- The paper introduces a dual-stream architecture that integrates frequency details with semantic cues to overcome cross-domain and cross-generator shifts.
- It employs a Band-Masked Frequency Encoder and Layer-wise Gated Frequency Injection to enhance feature fusion and reduce generator-specific bias.
- The approach achieves up to 96.7% accuracy on benchmarks, demonstrating improved detection and generalizability against AI-generated images.
Frequency-aware Semantic Fusion with Gated Injection for Detection of AI-generated Images
Motivation and Limitations of Prior Approaches
The proliferation of high-fidelity AI-generated images, created from advanced diffusion, GAN, and transformer-based models, has rendered detection a technically formidable challenge. Conventional frequency-based detection methods exploit generator-induced spectral artifacts while Vision Foundation Models (VFMs) such as DINOv3 provide robust, open-set semantic features. However, fusion approaches using both modalities exhibit substantial performance degradation under cross-generator and cross-domain distribution shifts. This problem is attributed to two critical factors: frequency shortcut bias—over-reliance on generator-specific frequency cues, and cross-domain representation conflict—semantic and frequency features inhabit different spaces, leading to entangled and poorly separable fused representations.
FGINet Architecture and Core Innovations
FGINet introduces a dual-stream detection architecture composed of three principal innovations:
- Band-Masked Frequency Encoder (BMFE): Frequency components are isolated using Haar DWT, retaining only high-frequency sub-bands (XLH, XHL, XHH), discarding low-frequency LLL, which is redundant given the semantic pathway. BMFE applies spatially-independent random masking to the frequency patches during training, promoting generator-invariant frequency features. Masking disrupts shortcut associations to specific generator artifacts, yielding improved generalization. Channel-wise representations are extracted by a lightweight convolutional stem and projected as frequency tokens compatible with the transformer backbone.

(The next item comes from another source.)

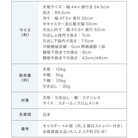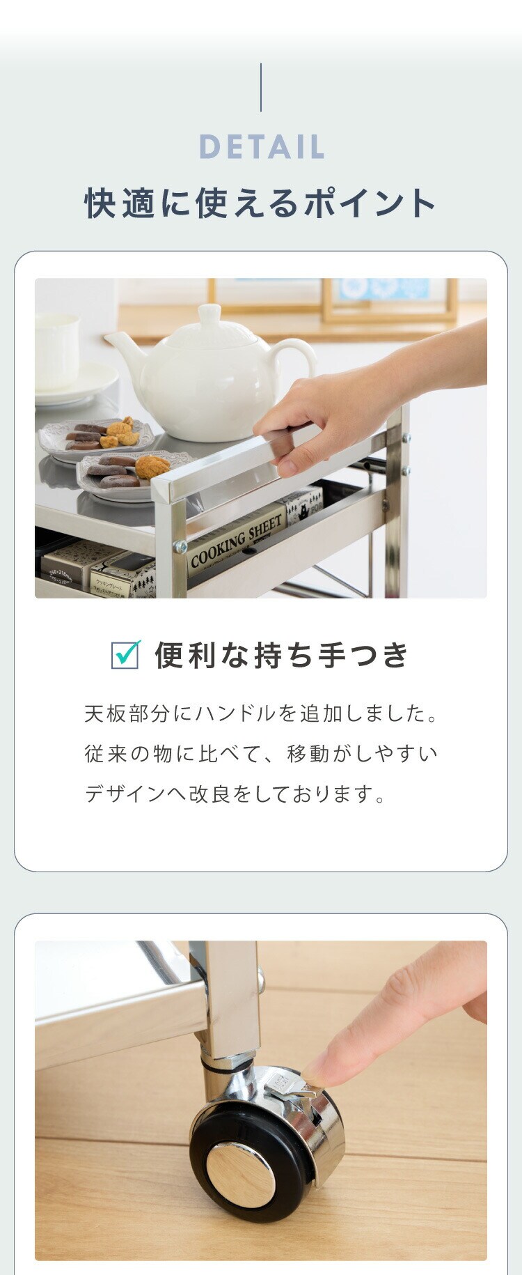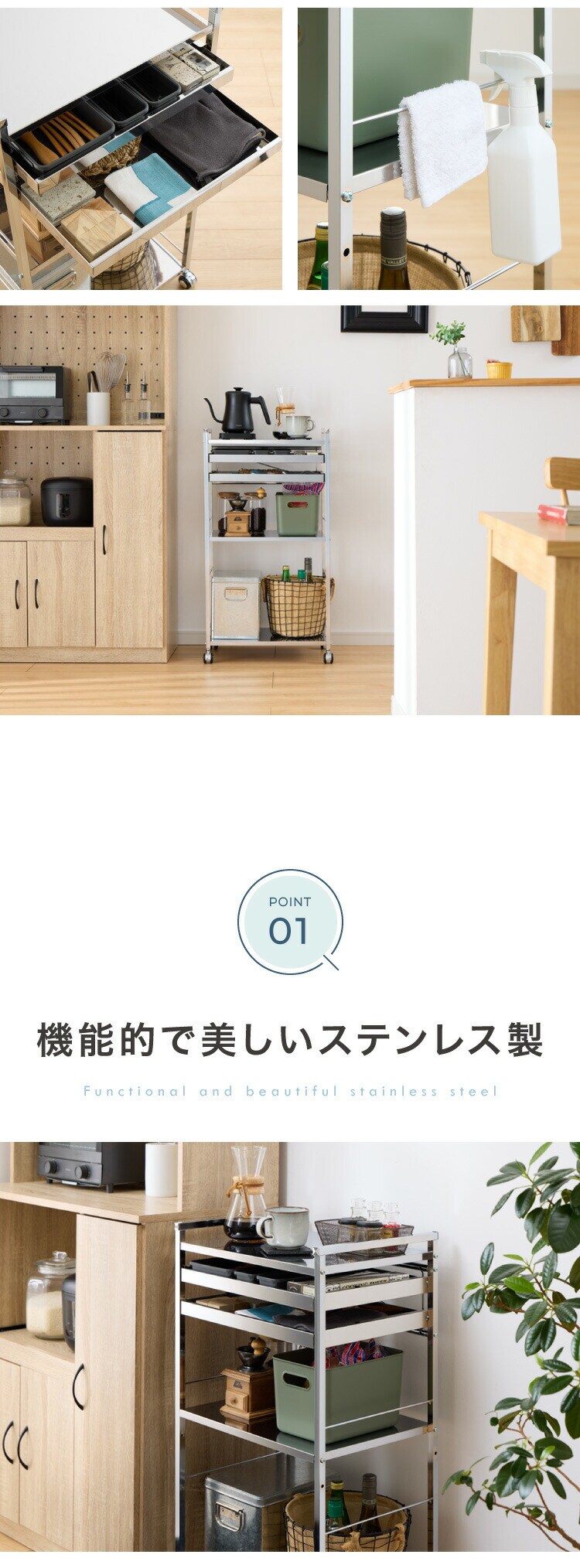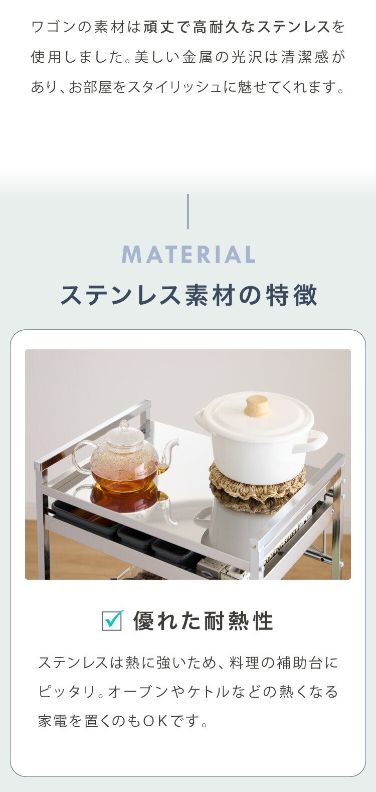 日本製、国産、燕三条、ステンレス、作業台、ワゴン、キッチン収納、キッチンワゴン、棚、ラック、ステンレスワゴン、スリム、作業台、調理台、業務用、家庭用、おしゃれ、韓国インテリア、シルバー

- Layer-wise Gated Frequency Injection (LGFI): Instead of direct or late fusion, LGFI injects frequency tokens progressively at each transformer block (DINOv3), using learnable gates to modulate the injection strength. Gates are initialized to low values, permitting gradual adaptation without destabilizing pretrained semantic weights. Early and middle layers favor higher gate values, emphasizing low-level structural integration, while deeper layers suppress frequency information, preserving semantic abstraction.
- Hyperspherical Compactness Learning (HCL): Adopting a CosFace loss, all representations are normalized onto a unit hypersphere with explicit cosine margin constraints. HCL enforces tight intra-class clusters and large inter-class separation, particularly effective against unseen generative models. Logit visualization confirms that HCL, compared to standard loss, yields more compact and confidently separated decision boundaries.
Empirical Evaluation and Ablative Analysis
FGINet consistently outperforms previous SOTA on diverse benchmarks:
- GenImage: Accuracy 96.7%, demonstrating superior robustness across 8 generator types, outperforming SAFE and MRCL.
- Synthbuster: Accuracy 94.3%, surpassing next-best (DDA) by 4.2 percentage points, maintaining high detection rates on diffusion-based forgeries.
- WildRF and Chameleon: On real-world social media samples, FGINet achieves mAcc of 93.8% (WildRF) and 92.5% (Chameleon). Notably, on hard-to-detect fakes, FGINet's structured integration yields a fake accuracy of 89.9%, a marked leap over AIDE, SAFE, and DDA, substantiating its claim for cross-generator and cross-domain generalization.
Ablation Studies: BMFE reduces reliance on specific frequency artifacts, LGFI yields over 7% accuracy improvement relative to direct fusion, and joint inclusion of BMFE, LGFI, and HCL achieves the maximal accuracy and AP on Chameleon. LGFI applied to early transformer layers achieves optimal cross-modal alignment, validating the hierarchical integration strategy.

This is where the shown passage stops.